Related Experiment Videos
RealityGrid: an integrated approach to middleware through ICENI.
Jeremy Cohen1, A Stephen McGough, John Darlington
1London e-Science Centre, Imperial College London, South Kensington Campus, UK.
Summary
RealityGrid enhances scientific discovery by improving data analysis efficiency in complex simulations. This middleware simplifies computation, simulation, and collaboration for condensed matter, materials, and biological scientists.
Area of Science:
- Condensed matter physics
- Materials science
- Biological sciences
- Computational science
Background:
- Advancements in scientific modeling and simulation are hindered by slow knowledge extraction from large datasets.
- Grid computing offers potential for more efficient data analysis in scientific research.
- Existing methods for utilizing advanced computational resources often require specialized expertise.
Purpose of the Study:
- To enable more efficient use of scientific computing resources for researchers.
- To simplify the process of computation, simulation, and collaboration.
- To provide accessible advanced features to all scientists, reducing the need for specialized efforts.
Main Methods:
- Development and implementation of the Imperial College e-Science Networked Infrastructure (ICENI) Grid middleware.
- Creation of an integrated middleware application providing an end-to-end pipeline.
- Integration of advanced scheduling mechanisms, interactive simulation steering, and secure collaboration tools via the Access Grid.
Main Results:
- Scientists can now access advanced computational and simulation features more easily.
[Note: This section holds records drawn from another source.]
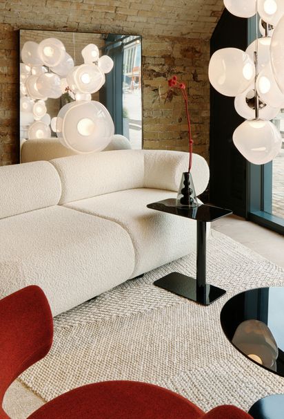 A curled bouclé fabric, Elle drapes and curves around furniture like an elegant designer coat. The spun bouclé yarn created by blending wool, viscose and acrylic gives the surface a soft tactility. During the subsequent dying the yarns take the colour differently, creating captivating shifts within the same tones. This effect and a slight sheen from the acrylic blend bring life to the voluminous textured bouclé surface. Elegant neutrals range from oyster, coffee, pearl white, light ivory and caramel to cactus green, concrete grey, nutmeg, mud brown and ink. Taking cues from fashion, brighter contrast colours are sunset orange, rust, plum and aqua.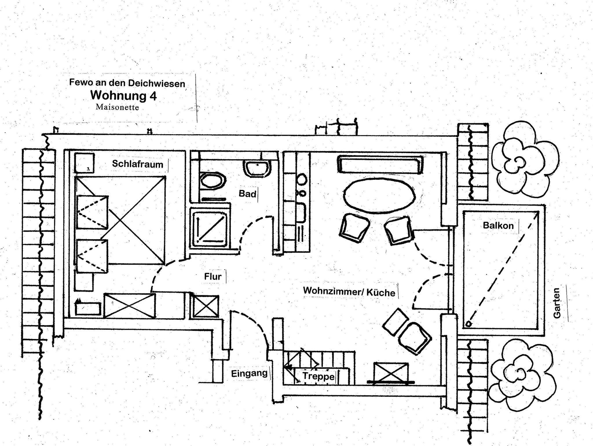 Die 2-Raum-Ferienwohnungen 01,02,05 und 06 befinden sich im Erdgeschoss und verfügen alle über eine Terrasse zum Garten.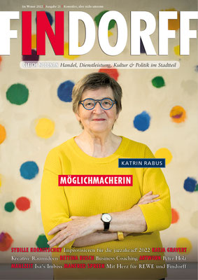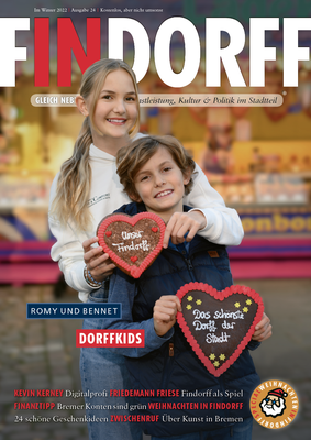 Das Magazin FINDORFF GLEICH NEBENAN bietet Unternehmen, Institutionen, Initiativen, Einzelhändlern und Gastronomen die Möglichkeit mit »ihrer Anzeige« in einem redaktionell professionellen und werblich attraktiven Umfeld dabei zu sein.

- The ICENI Grid middleware streamlines the workflow from computation to data analysis and collaboration.
- Efficient planning of computations and interactive steering of simulations are facilitated.
Conclusions:
- The RealityGrid project, utilizing ICENI Grid middleware, successfully lowers the barrier to entry for advanced scientific computing.
- Enhanced data analysis and collaboration capabilities empower researchers in various scientific domains.
- Integrated middleware solutions are crucial for accelerating scientific discovery in the era of big data.